▶ EXERCISE:
Your copy starts at the line containing "The Tunturi Pull-Up" and ends at the last line of the material below. Reproduce those lines exactly, with no pictures.

▶ SUPPLIED MATERIAL:
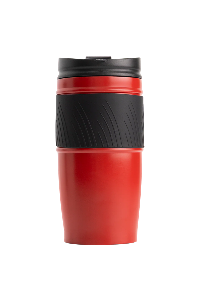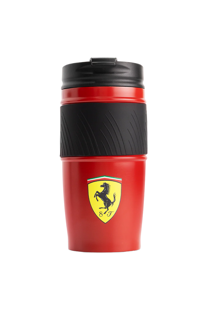 Offizieller Scuderia Ferrari Thermobecher in mattem Rot mit Edelstahlkorpus und Schraubdeckel – hält Getränke heiß oder kalt für Fans unterwegs.
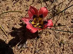 Romulea sabulosa is a perennial geophyte that is assigned to the family Iridaceae. It has a few grooved thread-like leaves, and relatively large burgundy red trimerous flowers, reminiscent of crocus flowers, with yellow to light greenish with black markings and stamens with light green free filaments. It only occurs on sandy clay on renosterveld west of Nieuwoudtville in the Northern Cape province South Africa. It is called satynblom in Afrikaans.[1]
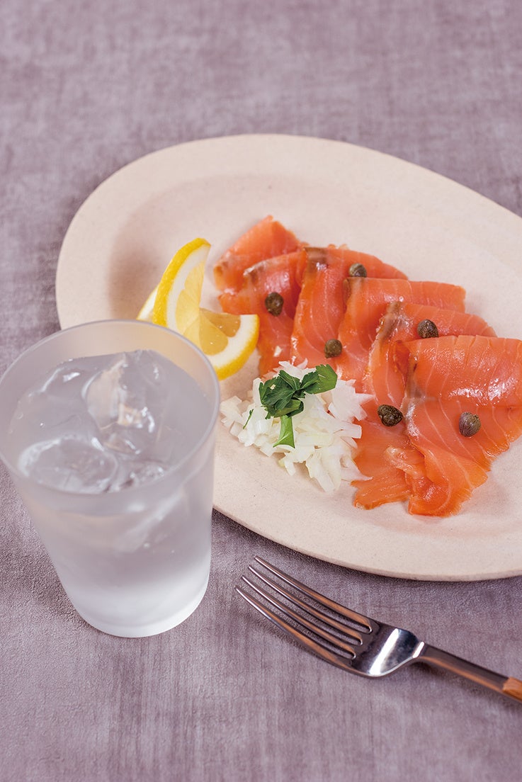 玉ねぎ1/4個をみじん切りにし、水に15分ほどさらして水気をしっかり切ります。器にスモークサーモン60gを並べ、ケイパー大さじ1/2を散らし、玉ねぎと刻んだイタリアンパセリ、レモンの薄切りを添えます。◀すっきり軽い爽やかなタイプの麦焼酎とスモークサーモンはベストマッチ。玉ねぎやパセリが引き立て役に。トーストしたライ麦パンを添えたら◎。水割りかオンザロックでどうぞ。
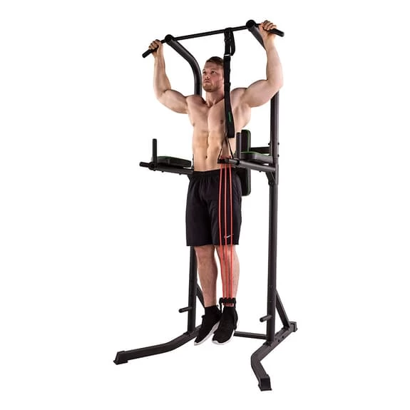 The Tunturi Pull-Up stretch tube can be adjusted to three different resistance levels. If you use the three red tubes, the resistance is great and the exercise is the least intense. The exercise is intensified by removing the tubes, which reduces resistance. You can attach the straps to various fixed points, for example a loose pull-up bar, the pull-up bar of a strength station or even a tree branch.
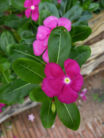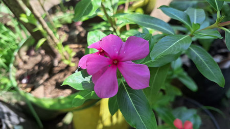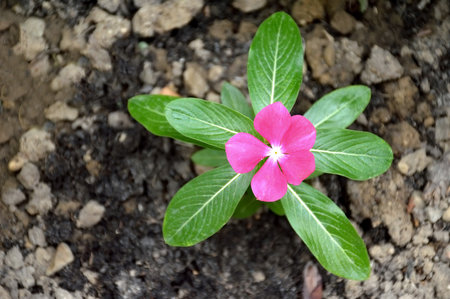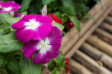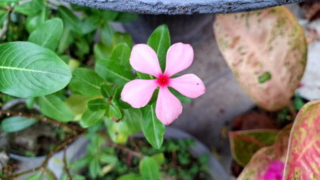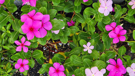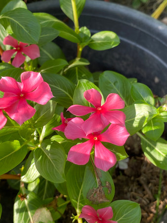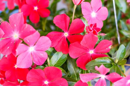 Top view of red and pink flower blooming and growing in flower pot. Natural plant and Decorative flower. Cape Periwinkle, Bright Eye, Indian Periwinkle, Madagascar Periwinkle or Pink Periwinkle.
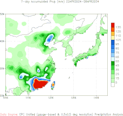 America NOAA 7 Day Rainfall Data for China Region(22 April 2024 to 28 April 2024)
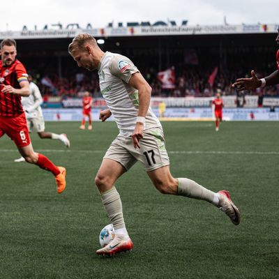 Bild: Nael Afriyie behauptet den Ball im Spiel gegen den VfL Wolfsburg gegen einen grätschenden Gegenspieler.

▶ SOLUTION TO THIS EXERCISE:
 The Tunturi Pull-Up stretch tube can be adjusted to three different resistance levels. If you use the three red tubes, the resistance is great and the exercise is the least intense. The exercise is intensified by removing the tubes, which reduces resistance. You can attach the straps to various fixed points, for example a loose pull-up bar, the pull-up bar of a strength station or even a tree branch.
 Top view of red and pink flower blooming and growing in flower pot. Natural plant and Decorative flower. Cape Periwinkle, Bright Eye, Indian Periwinkle, Madagascar Periwinkle or Pink Periwinkle.
 America NOAA 7 Day Rainfall Data for China Region(22 April 2024 to 28 April 2024)
 Bild: Nael Afriyie behauptet den Ball im Spiel gegen den VfL Wolfsburg gegen einen grätschenden Gegenspieler.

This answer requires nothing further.